Pour le Pr Patrick Fenichel, Chef du service d'endocrinologie et de médecine de la reproduction du CHU de Nice, les études épidémiologiques humaines montrent une explosion du nombre de cas de cancers du sein dans le monde (40 000 nouveaux cas par an en France) et du cancer du testicule (augmentation constante depuis 30 ans). Et les modèles expérimentaux animaux appuient l'hypothèse du rôle des PE dans les cancers hormono- dépendants : sein, prostate, testicule.
En outre, Le Pr Fenichel a constaté que le bisphénol A pouvait interférer sur la croissance des lignées de cellules malignes humaines, soit en neutralisant in vitro la chimiothérapie dans le cancer du sein, soit en stimulant la prolifération des cellules malignes dans le cancer de la prostate et du testicule.

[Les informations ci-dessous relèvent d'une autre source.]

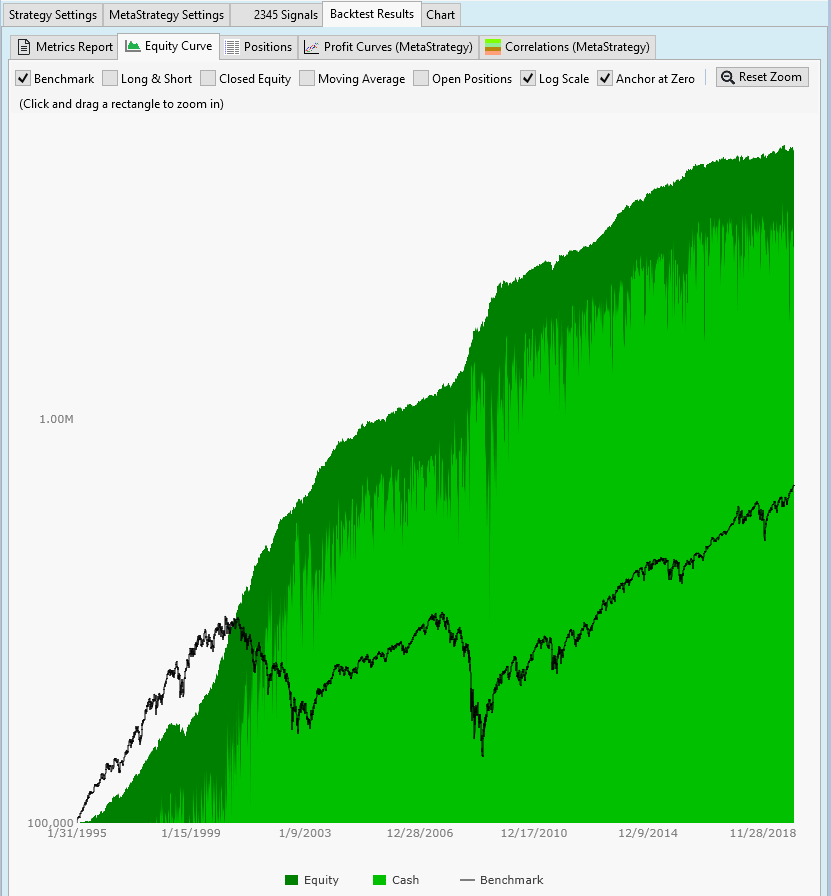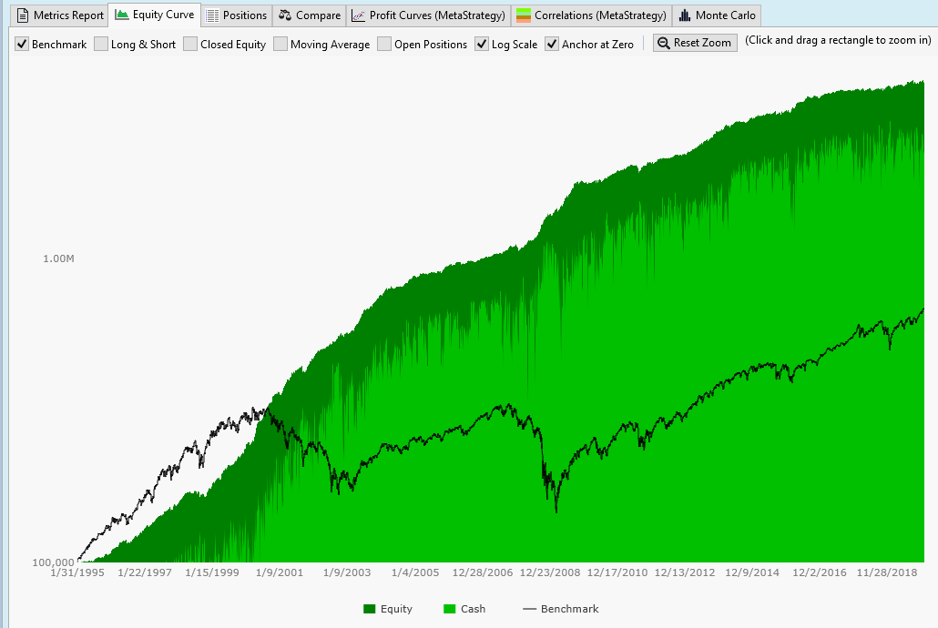 It's kind of interesting that everything just keeps going up! I was going to infer the obvious - using the broader stock universe as originally suggested by Bensdorp / DrKoch yields better results, but the differences between the meta-strategy window and the solo-strategy results seem to be problematic (like maybe there's a bug in how the data-sources are being cached and handled between strategy windows?)

Maladies métaboliques et obésité

Pour le Pr Robert Barouki, Professeur à la Faculté de Médecine Paris Descartes, et Directeur de recherche à l'Inserm, des travaux récents indiquent que " l'exposition foetale à certains perturbateurs endocriniens comme le bisphénol A , les phtalates, et les polluants organiques persistants comme les PCB et les dioxines, favorisent l'apparition de maladies métaboliques et de l'obésité ".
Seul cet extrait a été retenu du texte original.